Отто, шифровальщик-радист, жизнерадостный весельчак и скалозуб, не ошибался никогда и свою работу знал на совесть, с ума ему тем более сходить было незачем.
– Хорошо. В мою каюту. Там разберемся, – приказал капитан Мельману.
Прочитав радио, Вернер уже не знал, браться ему за голову или за иное какое, противоположное ей, место. Указание было предельно четким и загадочным одновременно.
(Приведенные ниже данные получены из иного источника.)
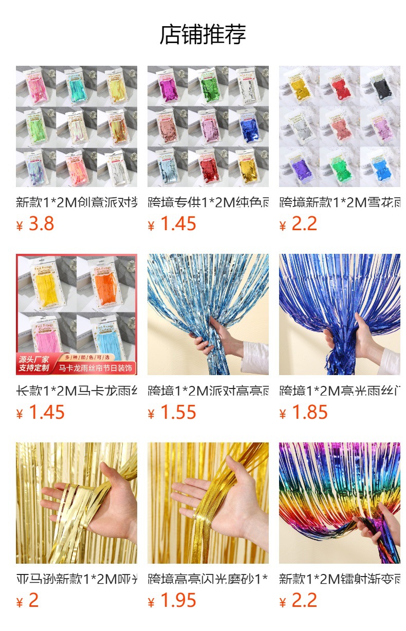 Exclusividad transfronteriza 1*2M cortina de seda de lluvia de color sólido decoración de cumpleaños suministros de decoración de fiesta accesorios de decoración de pared de escenario

Спасенного лейтенанта взять с собой, без обозначения его персоны где бы то ни было в судовых документах, по пути следования из отсека пленного стараться не выпускать из отсека, однако без насилия, в разговоры ни в коем случае не вступать и по прибытии передать гауптштурмфюреру Ховену лично на руки, а тот уж сообразит, что делать дальше. Попутчика расстрелять и тихо утопить, сей акт тоже нигде не фиксировать. Бред, да и только. Хартенштейн переглянулся с помощником.
– Ты что-нибудь понимаешь?.. И я тоже – нет. Кто такой этот Ховен?
– Видимо, старший службы безопасности там, куда мы следуем, – растерянно предположил помощник Мельман, утирая вспотевший от духоты лоб.
– Там, куда мы следуем. А куда мы, собственно, следуем? – сейчас только Вернер сообразил, что до сих пор еще не вскрыл секретный пакет. Пришлось вставать и лезть в личный сейф. На два ключа. Его и помощника. Повернули на раз-два-три, резко и неприятно щелкнуло железо. Серый плотной бумаги конверт, казенная печать. Прочитали, чтобы совсем уже обалдеть.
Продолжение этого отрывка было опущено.